#### Dataset content

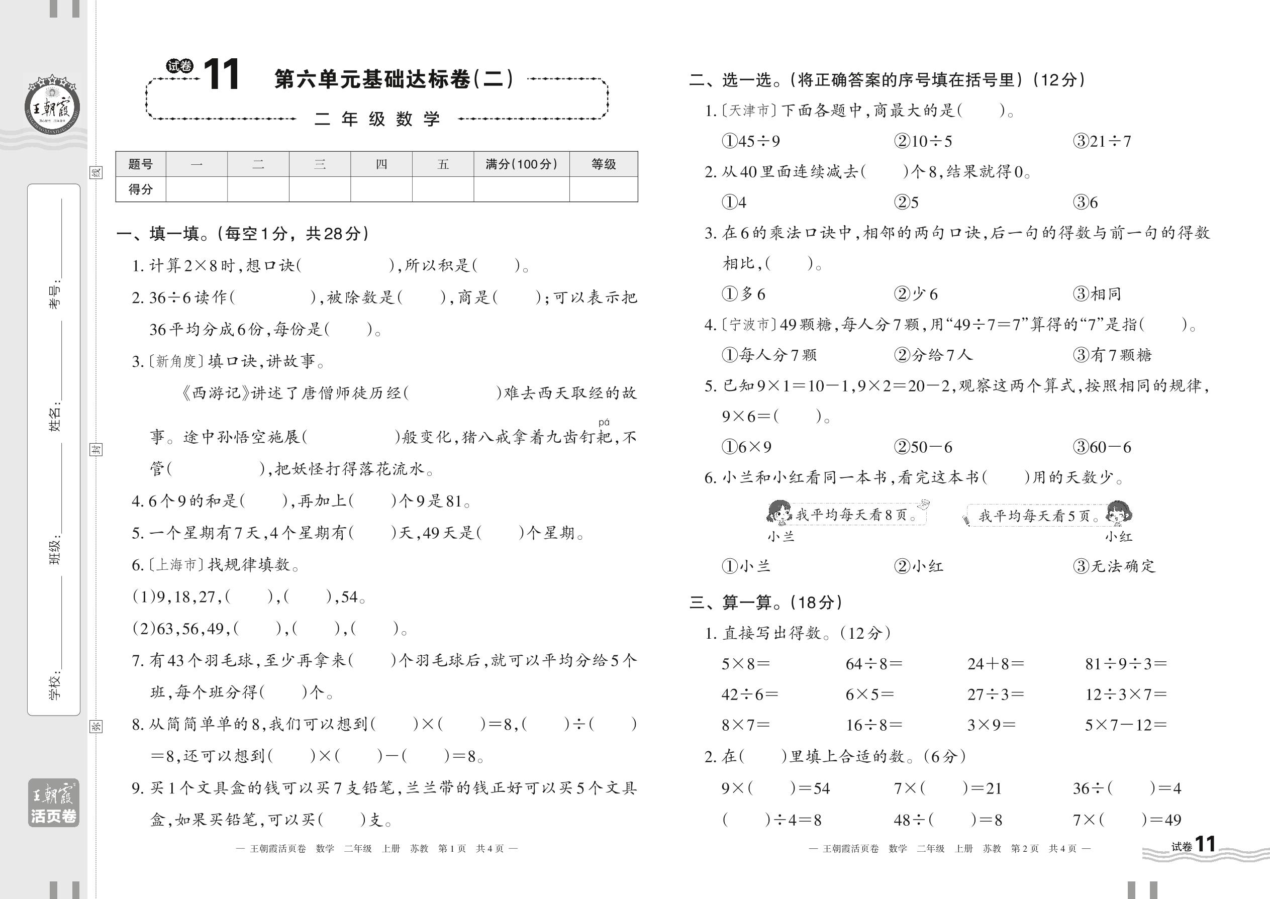 2023上册二年级数学苏教版 试卷11 第六单元基础达标卷(二)
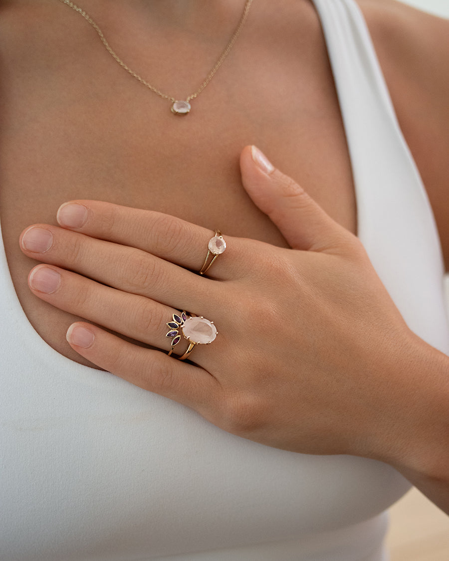 Discover other pieces of jewelry with the energy of Rose Quartz, which further enhance the energy of this piece. Create your own individual set of rings, earrings, necklaces and bracelets.
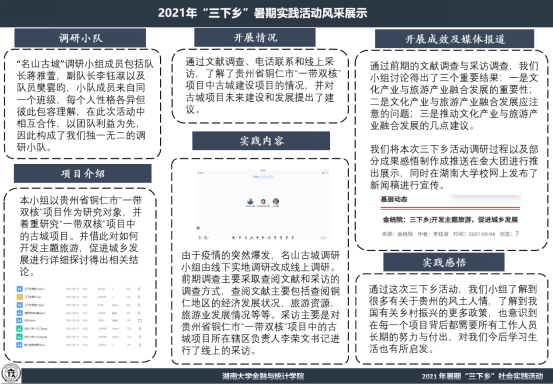 由于疫情的突然复燃,名山古城调研小组原定于线下的调研计划不得不调整为线上,重新确认调研方案后,三位小伙伴通过文献调查、电话联系和线上采访的方式,了解了铜仁市“一带双核”项目中古城建设项目的情况,并对项目未来建设和发展提出了建议。

########

* **Task requirements**
Would you please output only the lines from the start of the material above up to and including the line with "Discover other pieces", exactly as they appear and without pictures?

* **Result**
 2023上册二年级数学苏教版 试卷11 第六单元基础达标卷(二)
 Discover other pieces of jewelry with the energy of Rose Quartz, which further enhance the energy of this piece. Create your own individual set of rings, earrings, necklaces and bracelets.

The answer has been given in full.